I spent two weeks in the hospital. I missed Thanksgiving, but my mother brought me food. I had visitors everyday, got friendly with the nurses. Two in particular were especially awesome and kept me from going crazy while I was on bedrest. My vitals were checked every couple of hours, I was woken up in the middle of the night to take medication. There was no sign the baby was coming anytime soon. The decision was made to induce me at 34 weeks if I didn’t go into labor on my own; because my water had broken, there was a risk of infection since there was no amniotic sac protecting the baby, so they didn’t want to keep him in there too long.

I hadn’t gotten to go to any childbirth education classes before I got hospitalized, so they had the childbirth educator come to my room on December 2. She taught me how to breath through my contractions, explained what would happen during the delivery. It ended up being serendipitous timing. A few hours after she left, I felt a contraction. Then another. They were small and not very painful, more like menstrual cramps. I was put on the fetal monitor and the contractions were close enough together that I was transferred back over to L&D. I called my husband and mother again and told them that I was going into labor. My husband was at the hospital less than an hour later at 4 in the morning. My mother and sister arrived around 6. My contractions weren’t too bad and I tried to breath through them using the technique the CE taught me. That helped for awhile. Around 1, the contractions got worse and I wanted an epidural. The doctors had to check to see how far dilated I was; at that point, I was about 5 or 6 cms. Everyone was kicked out of the room and I was given the epidural, which helped immensely.

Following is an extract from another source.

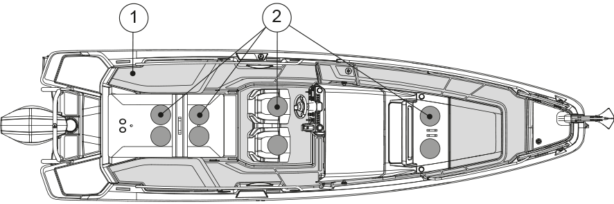 Si les coussins des bains de soleil ou la table sont installés sur le pont avant, respectez la vitesse maximale de 15 nœuds pour éviter que les coussins ou la table ne se détachent à grande vitesse ou en cas de fortes vagues.

A couple of hours later, the epidural started to wear off and I started feeling an intense pressure. They told me it wouldn’t help with that, but I kept pushing the button hoping to get some relief. I was checked again around 5:30; I was 12 cms dilated. It was time to deliver. My husband, mother and sister had just left to get food shortly before that, but only my sister and mother came back. I told the doctors we had to wait for my husband. He came back a few minutes later, and didn’t even have time to take off his hat and coat before they told him I was ready to push. My mother and sister left the room after I said I only wanted my husband in the room. The doctors assembled. I was still feeling the effects of the epidural, so I couldn’t tell when I was having contractions. The doctors told me, “You’re having a contraction, push,” so I did.

“I can see the head,” one said.

“You’re doing great, honey,” my husband said.

I felt nothing and kept pushing as instructed. Five or six pushes later and….

“Waaaaah!”

Just like that, it was over. Out came my son, the day before I was supposed to be induced, at 33 weeks and 6 days. Crying before anyone touched him. Breathing on his own. He was cleaned up, put under the heating lamp, examined. Again, I cried. I did it. I had a son. A doctor said it was one of the fastest deliveries they’d ever seen. My mom and sister were called back into the room. My mom put her hand over her mouth when she saw him (she did this at my wedding when she saw me for the first time, too). I laid back, not quite feeling like I had just given birth. Everyone milled about. A doctor picked up my son and brought him over to me.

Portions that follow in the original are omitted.